Excessive bone formation in a mouse model of ankylosing spondylitis is associated with decreases in Wnt pathway inhibitors
1 University of Queensland Diamantina Institute, Princess Alexandra Hospital, Ipswich Road, Brisbane, QLD 4101, Australia
2 University of Queensland Centre for Clinical Research, Royal Brisbane & Women's Hospital Campus, Bowen Bridge Road, Herston, QLD, 4029, Australia
3 Department of Orthopedic Surgery, Rush University Medical Center, 1653 West Congress Parkway, Chicago, IL-60612, USA
Citation and License
Arthritis Research & Therapy 2012, 14:R253 doi:10.1186/ar4096Published: 22 November 2012
Ankylosing spondylitis (AS) is unique in its pathology where inflammation commences at the entheses before progressing to an osteoproliferative phenotype generating excessive bone formation that can result in joint fusion. The underlying mechanisms of this progression are poorly understood. Recent work has suggested that changes in Wnt signalling, a key bone regulatory pathway, may contribute to joint ankylosis in AS. Using the proteoglycan-induced spondylitis (PGISp) mouse model which displays spondylitis and eventual joint fusion following an initial inflammatory stimulus, we have characterised the structural and molecular changes that underlie disease progression.

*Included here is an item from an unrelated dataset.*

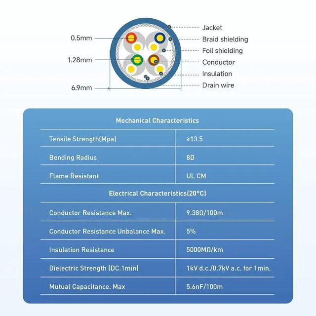 Compliance: UL listed (E485863) Cat 6a Ethernet cable bulk meets or exceeds TIA/EIA 568-C. 2 and complies with UL 444 specifications for communications cables. Compatible with shielded keystone jacks, patch panels, and modular plugs, this shielded Cat 6a bulk ethernet cable ensures professional-grade performance for residential or commercial installations.

PGISp mice were characterised 12 weeks after initiation of inflammation using histology, immunohistochemistry (IHC) and expression profiling.
Inflammation initiated at the periphery of the intervertebral discs progressing to disc destruction followed by massively excessive cartilage and bone matrix formation, as demonstrated by toluidine blue staining and IHC for collagen type I and osteocalcin, leading to syndesmophyte formation. Expression levels of DKK1 and SOST, Wnt signalling inhibitors highly expressed in joints, were reduced by 49% and 63% respectively in the spine PGISp compared with control mice (P < 0.05) with SOST inhibition confirmed by IHC. Microarray profiling showed genes involved in inflammation and immune-regulation were altered. Further, a number of genes specifically involved in bone regulation including other members of the Wnt pathway were also dysregulated.
This study implicates the Wnt pathway as a likely mediator of the mechanism by which inflammation induces bony ankylosis in spondyloarthritis, raising the potential that therapies targeting this pathway may be effective in preventing this process.